Prompt |
Apart from the images, output the data below exactly.

*** Data section ***

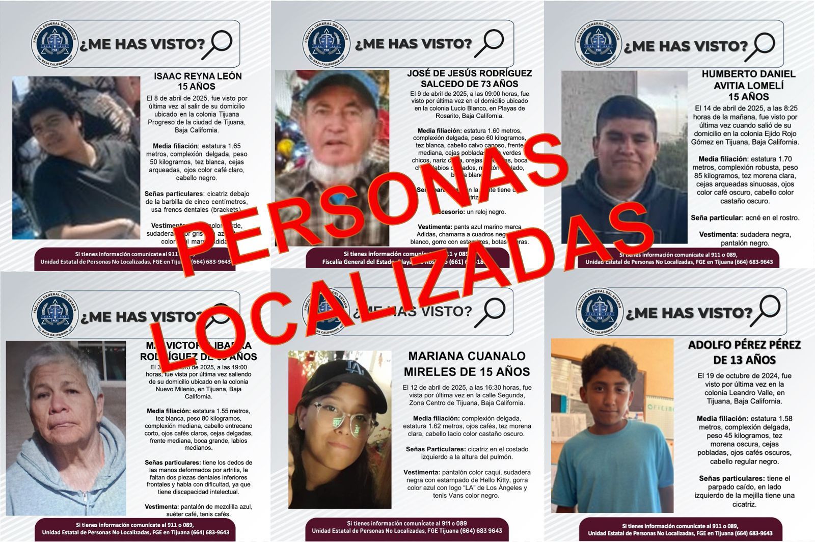 TIJUANA, BAJA CALIFORNIA. - La Fiscalía General del Estado localizó a seis personas que habían sido reportadas como no localizadas. Son dos mujeres y cuatro hombres, quienes fueron encontradas con buen estado de salud.
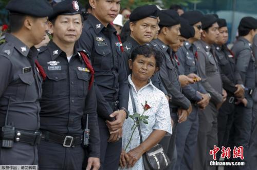 当地时间2016年4月1日,泰国曼谷最高法院外,维护秩序警察。
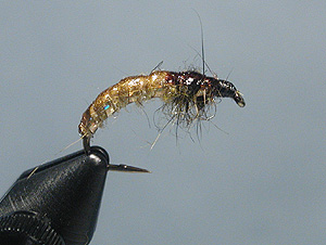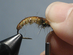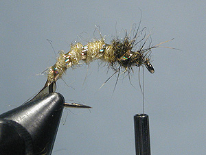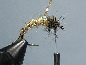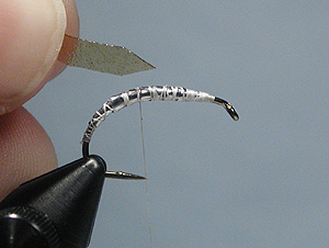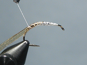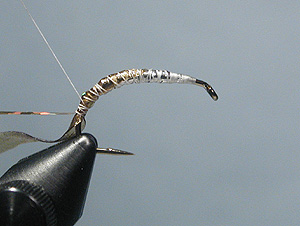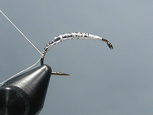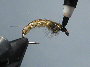 If you were so inclined, you could color the entire dorsal surface with the marker, not only highlighting the segmentation created by the monofilament ribbing, but also giving the finished fly a dark top over a light bottom which is so common in this stage of an insect's life.

*** End of Data section ***

Solution to this task |
 TIJUANA, BAJA CALIFORNIA. - La Fiscalía General del Estado localizó a seis personas que habían sido reportadas como no localizadas. Son dos mujeres y cuatro hombres, quienes fueron encontradas con buen estado de salud.
 当地时间2016年4月1日,泰国曼谷最高法院外,维护秩序警察。
 If you were so inclined, you could color the entire dorsal surface with the marker, not only highlighting the segmentation created by the monofilament ribbing, but also giving the finished fly a dark top over a light bottom which is so common in this stage of an insect's life.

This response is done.